We also reported that longtime News Director Mark Casey was going to retire from KNXV in Phoenix.
My first taste of life in a TV newsroom was when I interned at WKBW in Buffalo. I worked as an intern at the then blowtorch of Buffalo and then later took out a loan to buy a camera and deck so I could shoot news.
I took out a bank loan for $2,000 with no job and no income, to buy a camera, deck, and a police scanner so I could shoot news stories.
I then told WKBW that I was available as a stringer to cover stories for them. Union rules would not let me shoot video in Erie County where the station was located.

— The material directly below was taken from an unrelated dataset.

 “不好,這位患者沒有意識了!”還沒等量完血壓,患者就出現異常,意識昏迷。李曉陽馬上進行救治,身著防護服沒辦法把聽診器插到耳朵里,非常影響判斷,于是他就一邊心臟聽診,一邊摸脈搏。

But, I was allowed to shoot video in Niagara County which was close to where I lived.
I would put in the Niagara police and fire codes into my scanner and I would listen to it 24/7.

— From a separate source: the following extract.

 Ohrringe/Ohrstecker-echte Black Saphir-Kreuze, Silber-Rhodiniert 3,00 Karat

Anytime I heard a call that could be a potential news story, I would jump into my car and race to the scene.
After shooting the video I would call the Assignment Desk at WKBW and speak to their young Assignment Editor Mark Casey and tell him what I had.
Casey had to make the call if he wanted the video or not? If he said yes, I would drive to the station, drop the video off and I would be paid $35 for the story.
This was my plan to pay back my $2,000 dollar loan.
I would run stories all day and all night, one week I made over $600 as a stringer and it got to the point that Mark Casey was even going so far as to call me and ask me to shoot stories.
So, I was no longer covering shootings, car accidents, and fires, I was also covering ribbon cuttings in Niagara Falls and tennis tournaments in Lockport.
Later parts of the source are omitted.